# CURP Card



## Joycee

Hola
Does anyone know how or where I can get a CURP card?


----------



## Guest

At your local office for SAT (Servicio de Administracion Tributaria). Ask your Mexican friends or neighbors where the tax office is, and they will know. 


If your office is like mine, their hours are something like 9am to 1pm for admittance. There may be a line for opening, but it may work better to show up late in the morning to avoid this. 

Take your passport and visa with you to their offices. (I can't remember if I also took along some rent receipts, telephone bills, etc, so maybe grab those too just in case). If it isn't busy, will take less than an hour to get your CURP carnet and to file your annual tax return. They will enter your data for the CURP carnet and print it out. I got mine laminated at a copy shop. For the tax return, they will probably take you to a line of really slow computers, but just act dumb and they will do most of it for you, hahaha.


----------



## joaquinx

Joycee said:


> Hola
> Does anyone know how or where I can get a CURP card?


I went to the palacio municipal, climbed up three flights of stairs until I saw the sign that read CURP. There was no line, so I gave them my passport and in five minutes I had my CURP card. The fastest government process in Mexico.


----------



## sparks

Got mine at a municiple branch office in Manzanillo


----------



## TundraGreen

I believe that INEGI is actually the agency responsible for issuing CURP numbers. I originally got mine at INEGI. But they mispelled my name. When I went to SAT for an RFC number they fixed the name on my CURP and gave me a slightly different CURP number. So SAT can do it as well as others have noted.


----------



## kazslo

This site lists the locations where you can apply and receive your card. Should take all of 5 minutes, probably the easiest time I've had at a govt office.

Directorio Interactivo de Módulos de la CURP - Secretaría de Gobernación


----------



## makaloco

Good site, Kazslo, thanks! I got mine at the Registro Civil in my town, which is exactly where the interactive map and links pointed me.


----------



## gringotim

sparks said:


> Got mine at a municiple branch office in Manzanillo


What is a "curp" card? and what is its purpose,? is it something to do with taxes?


----------



## kazslo

Standing for "Clave Única de Registro de Población", it serves as an identifying number, based on your name, dob, place of birth, an sex - basically putting a number to your person. Its sort of like a social security number which is unique to you and is used throughout all of govt. Its free and fast to get your number, and if you newly apply for an fm3 or fm2, they should get it for you at inm.


----------



## TundraGreen

kazslo said:


> ...It's sort of like a social security number which is unique to you and is used throughout all of govt...

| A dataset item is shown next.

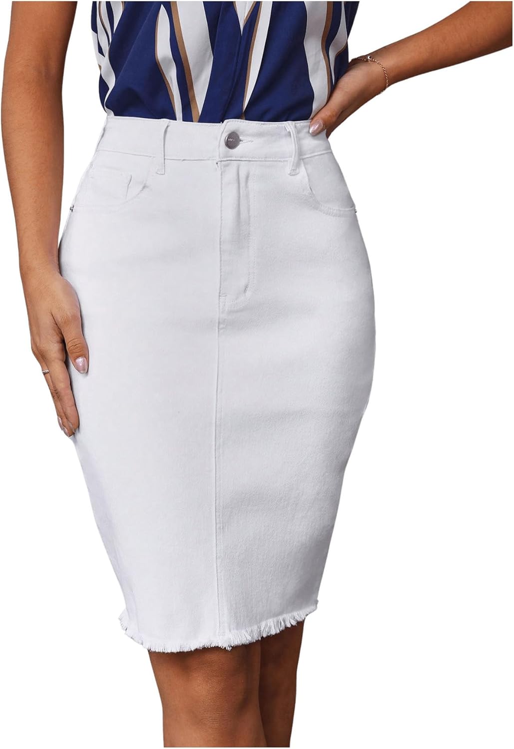 Floerns Women's Casual High Waist Raw Hem Bodycon Pencil Denim Skirt
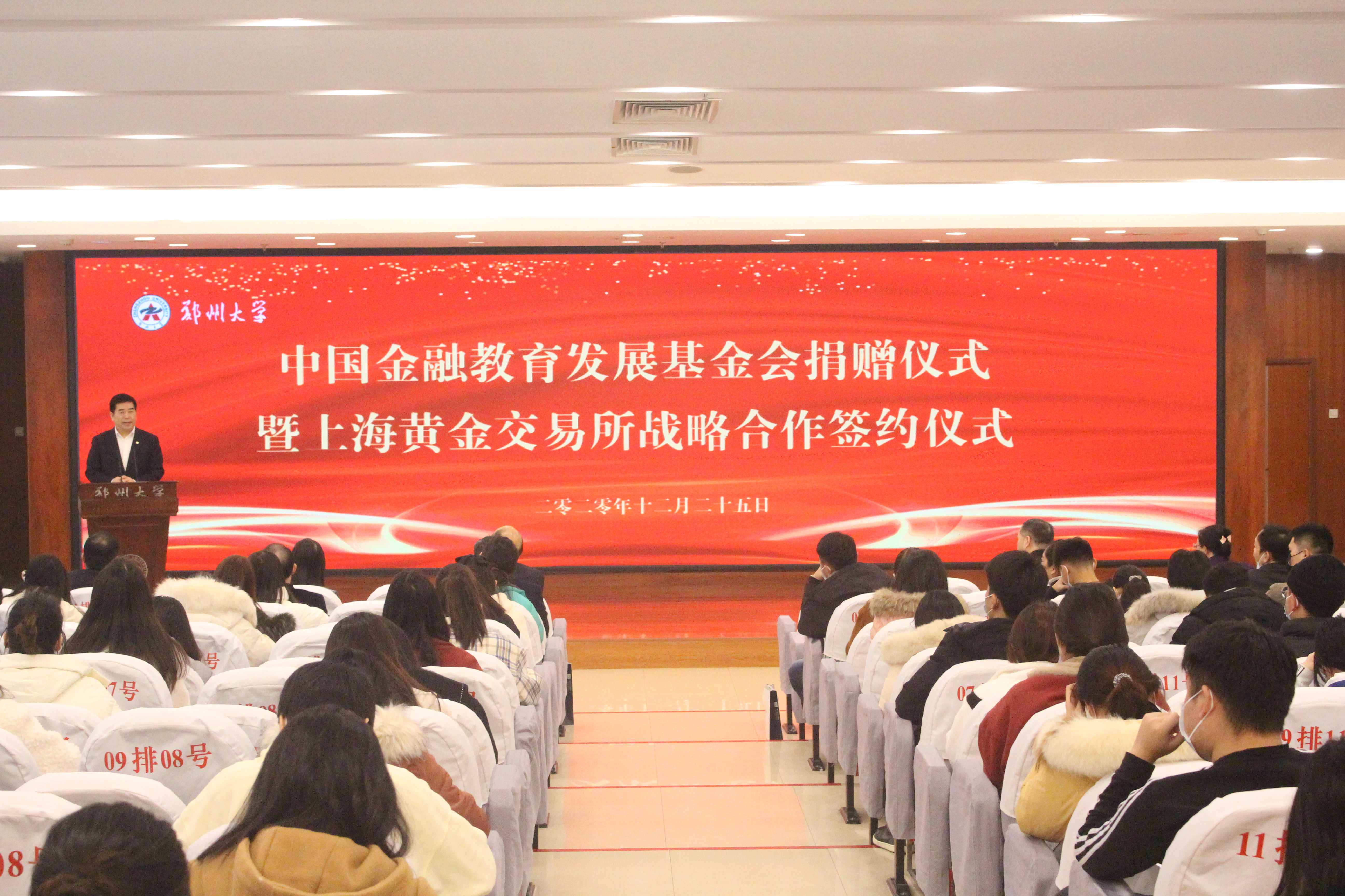 12月25日,bat365在线中国官网登录入口举行中国金融教育发展基金会捐赠仪式暨上海黄金交易所战略合作签约仪式。上海黄金交易所党委书记兼理事长、1983级校友焦瑾璞,中国金融教育发展基金会副秘书长王微微,校党委常委、纪委书记、监察专员许东升出席。对外联络办公室、商学院等单位负责同志及师生代表130余人参加。

Like Kazslo said the CURP is sort of like a social security number except that it is not used as a tax ID in Mexico. There is another number for that. The tax ID is an RFC number (Registro Federal de Contribuyentes). They are both based on your date of birth so they share some common digits, but they aren't the same. The RFC number is the one you use to get or give facturas instead of the common receipts. It is probably only of interest if you are earning money in Mexico and paying Mexican taxes. 

When they started registering cell phones about a year ago, using your CURP was the easiest way to register your cell phone.


----------



## Joycee

TundraGreen said:


> Like Kazslo said the CURP is sort of like a social security number except that it is not used as a tax ID in Mexico. There is another number for that. The tax ID is an RFC number (Registro Federal de Contribuyentes). They are both based on your date of birth so they share some common digits, but they aren't the same. The RFC number is the one you use to get or give facturas instead of the common receipts. It is probably only of interest if you are earning money in Mexico and paying Mexican taxes.
> 
> When they started registering cell phones about a year ago, using your CURP was the easiest way to register your cell phone.


Thanks to all who answered me. That should head me in the right direction. I was told I needed a CURP number to apply for the Mexican health insurance.


----------